Janet Yellen, the US Treasury Secretary, has called on the EU to join the US in imposing restrictions on low-cost Chinese exports of green technologies such as solar panels and wind turbines. Yellen emphasized the need for a united approach against China's industrial policies, which she views as a threat to global industries. She also urged German banks to enhance compliance with sanctions against Russia, warning of severe consequences for non-compliance, including restricted access to the US dollar.
Meanwhile, the European Commission President, Ursula von der Leyen, indicated that the EU might soon impose tariffs on Chinese electric vehicles following an investigation into China's state subsidies. However, the EU aims to adopt a different approach than the US, focusing on proportionate responses rather than extensive tariffs. The EU's strategy involves investigating over 20 trade sectors to influence China's trade practices while avoiding full-scale trade wars.

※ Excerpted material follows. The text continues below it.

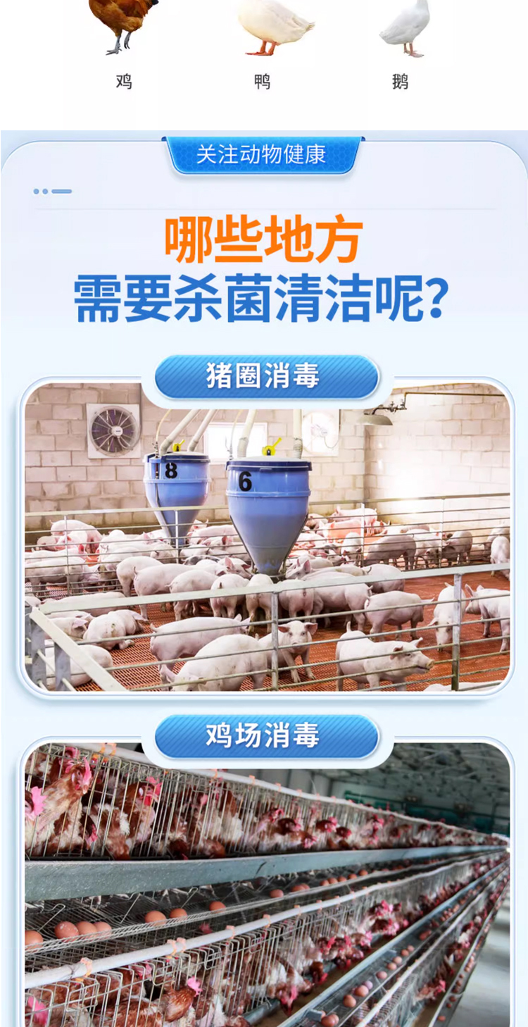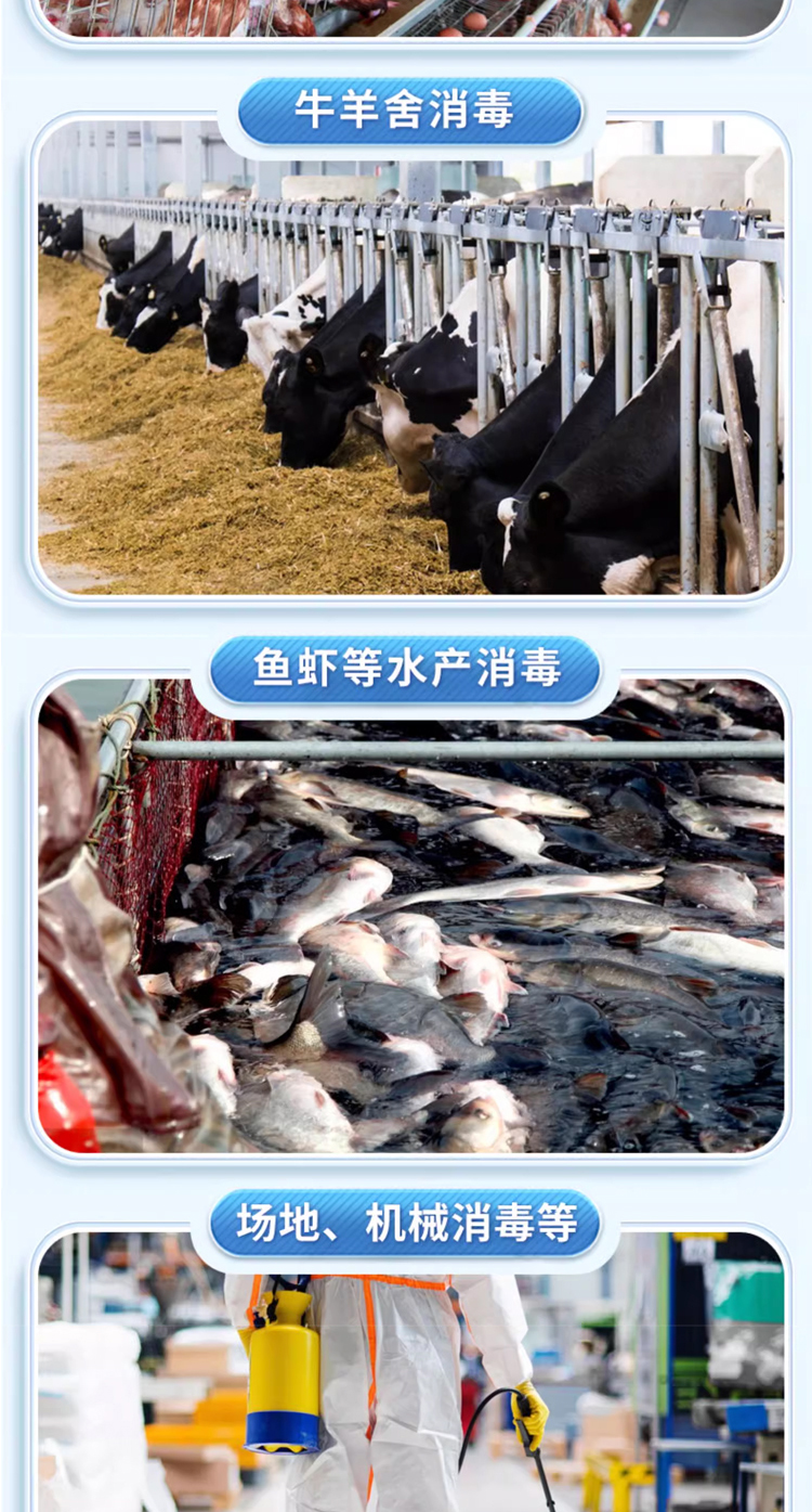 4、使用方便,可噴霧、熏蒸、干撒、浸泡、器械、飲水消毒都無需考慮不良反應;

Janet Yellen emphasized the serious repercussions for German banks if they fail to adhere to sanctions against Russia. She warned that non-compliance could lead to significant penalties for these banks, including the possibility of being cut off from accessing the US dollar. This measure would severely impact their ability to operate internationally, underscoring the importance of strict adherence to the sanctions to avoid these drastic consequences.

Janet Yellen defended the imposition of 100% tariffs on Chinese products by emphasizing the strategic necessity of responding to China's industrial policies, which she views as a significant threat to the viability of businesses in the U.S. and globally. She argued that without a united and strategic response, the aggressive expansion and undercutting practices of Chinese industries could jeopardize the economic stability of businesses in the U.S. and other countries. Yellen's justification centered on the need for a coordinated approach among Western allies to effectively counteract China's market practices, which are considered detrimental to international trade norms and economic fairness6.